What is being asked: Nothing but the lines below, from the first through the line containing "A survey of", should be set down, each one exactly and without pictures.

Dataset excerpt:

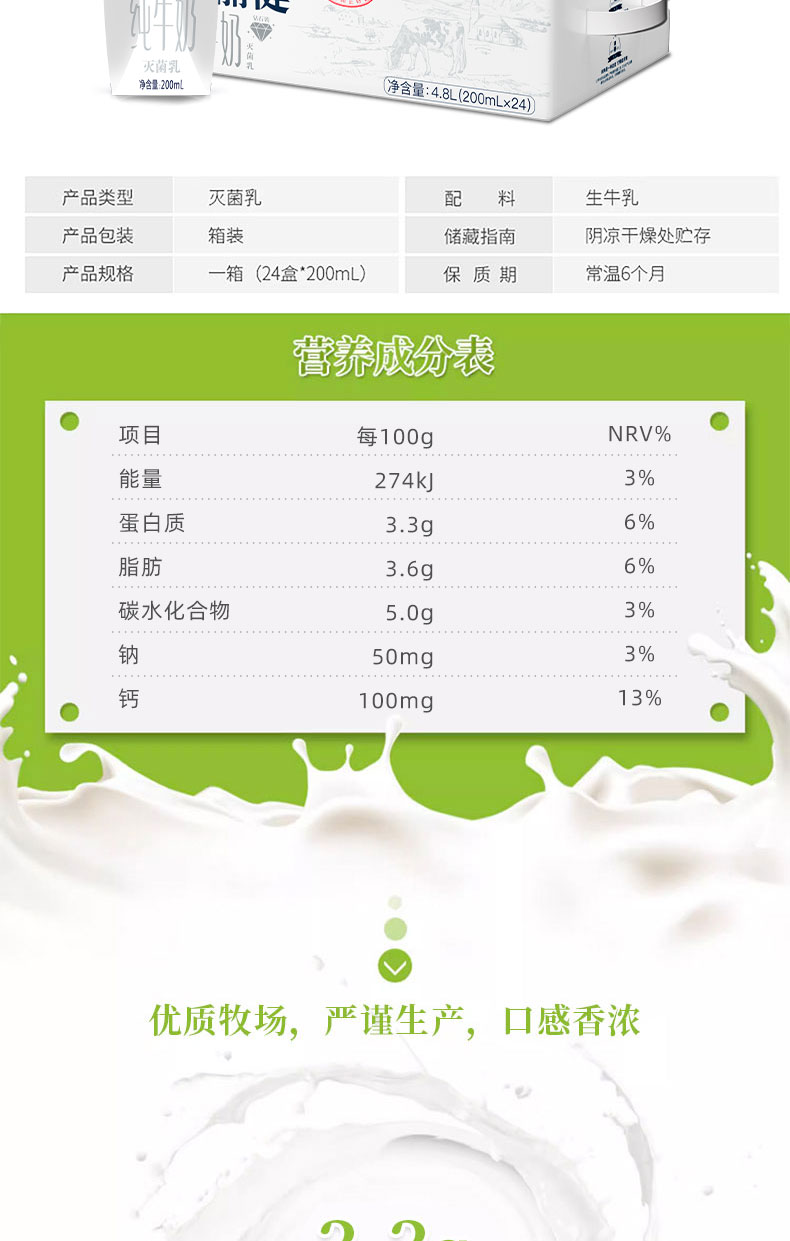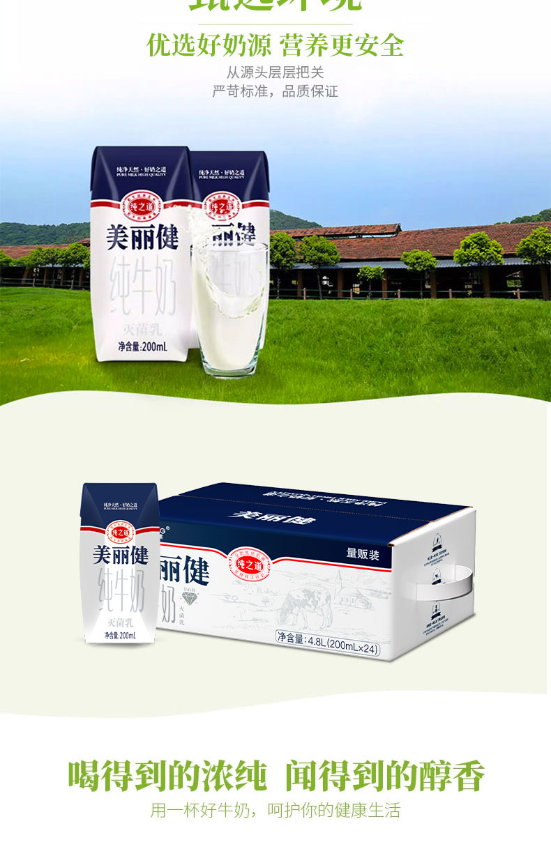 【快递直达】美丽健纯之道钻石包纯牛奶200ml*24盒
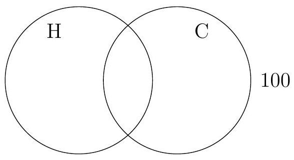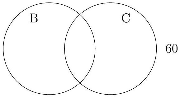 A survey of 60 students at a school shows that 32 take biology (B), 28 take chemistry (C), and 15 take both subjects.
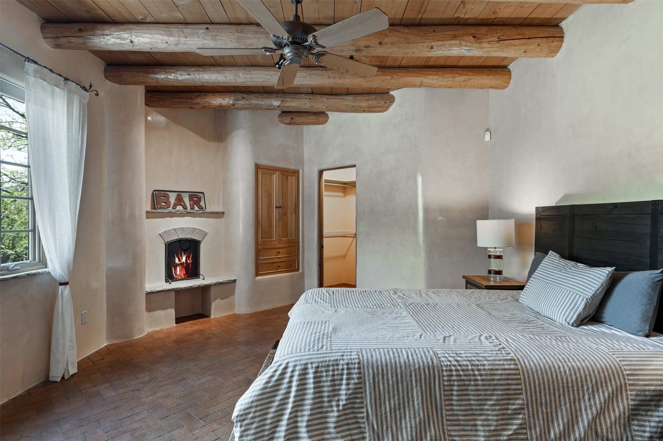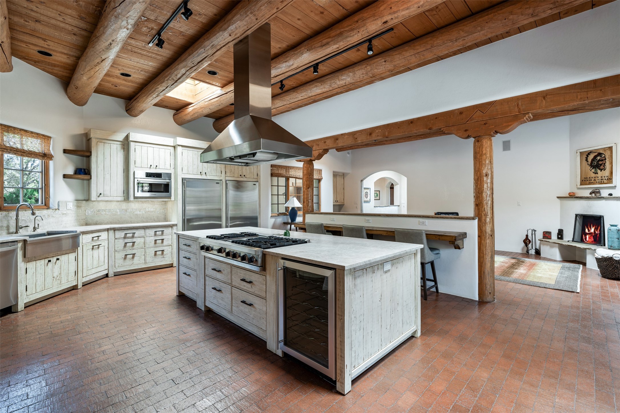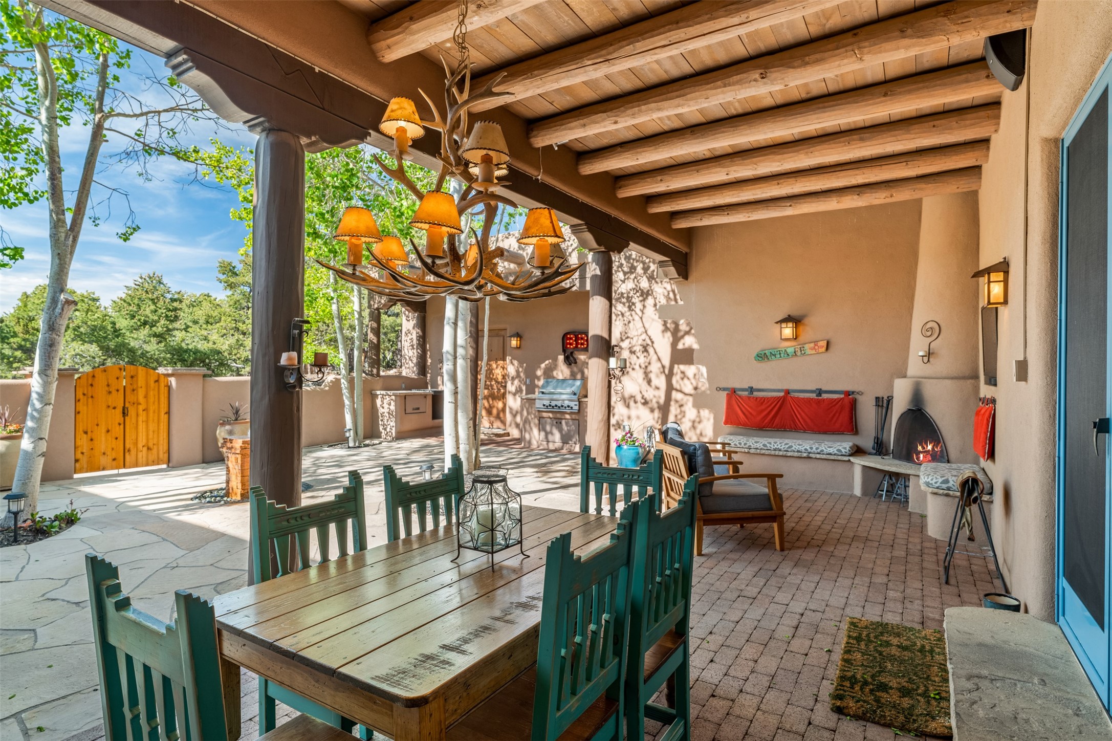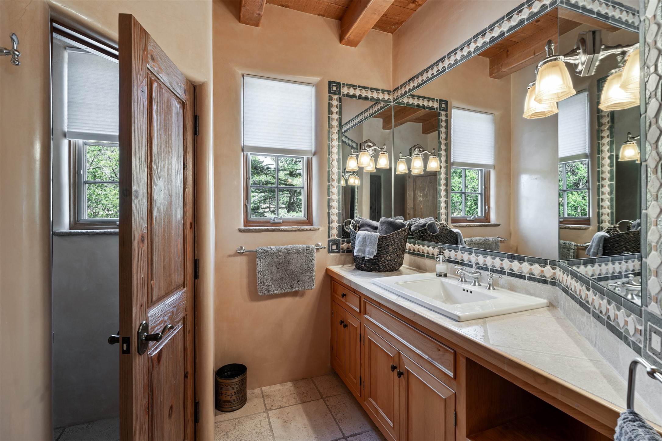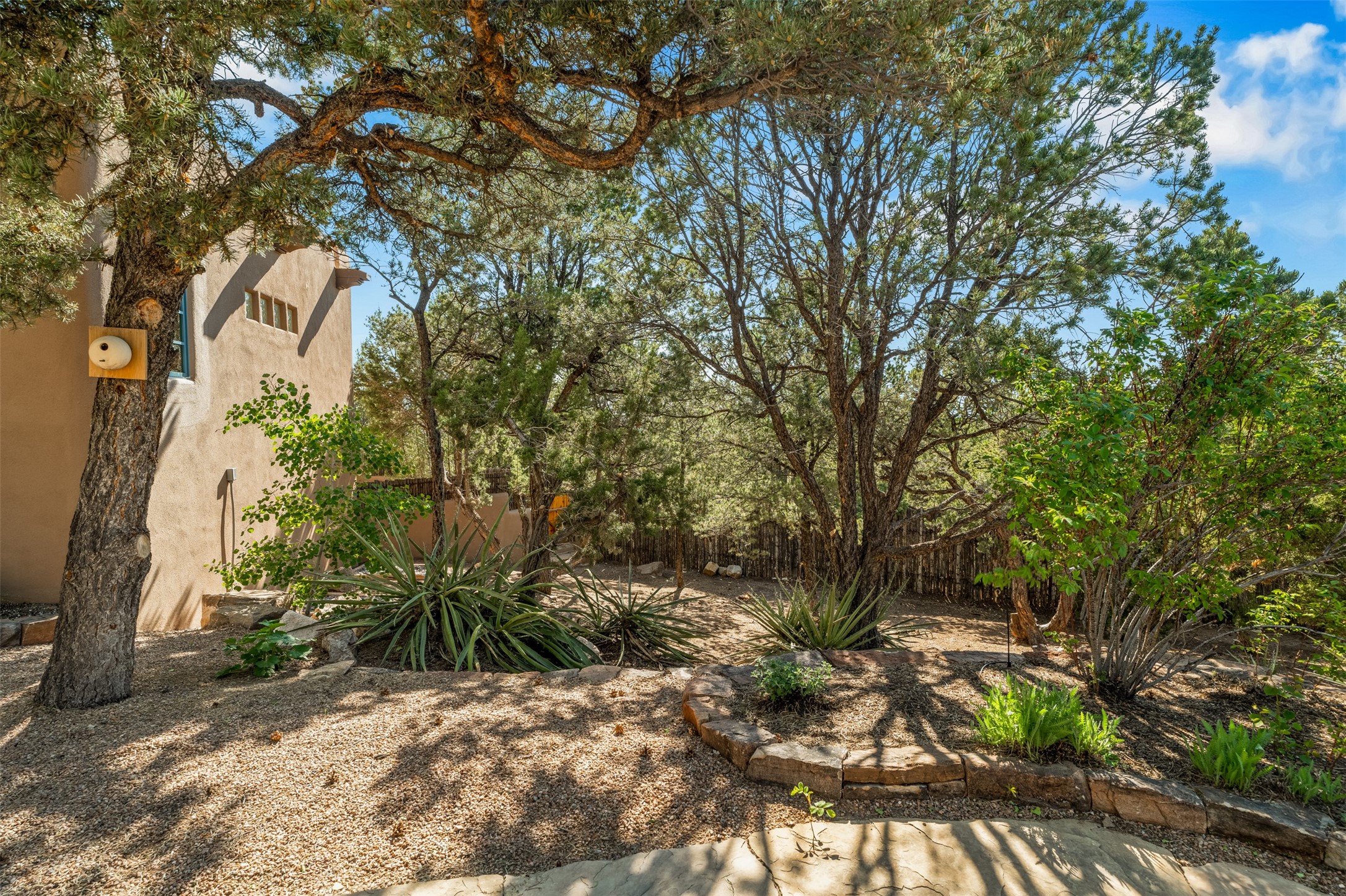 This, Rick Driscoll built, Sierra del Norte estate is perfectly located near the top of the subdivision. The 2.15 acre lot borders county open land, offers western views and can accommodate a casita. This home is a must see for the discerning buyer who wants quality, architectural excellence, privacy, views, and convenient access to the heart of Santa Fe and the ski area. Finishes include diamond polished plaster walls, vigas with coved ceilings, massive beams and reclaimed pine, brick and flagstone floors. The inviting floor plan has separated primary and guest bedrooms in addition to a private office. Each guest suite features, en-suite baths and wood burning fireplaces. The spacious kitchen was completely remodeled by the current owners and features top-notch appliances, Taj Mahal countertops and custom cabinetry. The kitchen is well placed in relation to the living/dining areas, den, and portals to allow for easy entertaining. The spacious primary suite with fireplace opens onto a private portal. The spa like bath features a large shower with separate steam shower, dual sinks, tub, dual toilets and a bidet. The home is fully air conditioned and has radiant in-floor heating, Multiple portals are thoughtfully attached to the various living spaces and bedrooms. The gated driveway leads to an oversized, heated four car garage with lots of storage and EV charger outlet. The grounds are landscaped with rock walls, mature trees, water features and are fenced. An owned photovoltaic system keeps electric bills very low. The membrane roof is under warranty. This is a wonderful, well maintained, home in one of Santa Fe's most sought after neighborhoods. Just move in and enjoy.
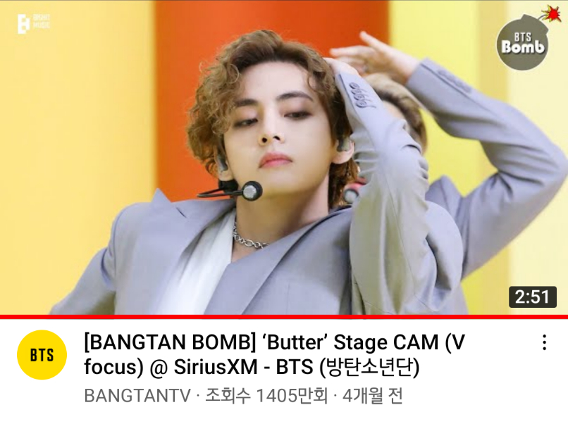 방탄소년단(BTS) 뷔의 '버터(Butter)' 무대 직캠이 1,400만뷰를 돌파하며 올해 공개된 K팝 개인 직캠 최고 조회수를 경신했다.

Response to this exercise:
 【快递直达】美丽健纯之道钻石包纯牛奶200ml*24盒
 A survey of 60 students at a school shows that 32 take biology (B), 28 take chemistry (C), and 15 take both subjects.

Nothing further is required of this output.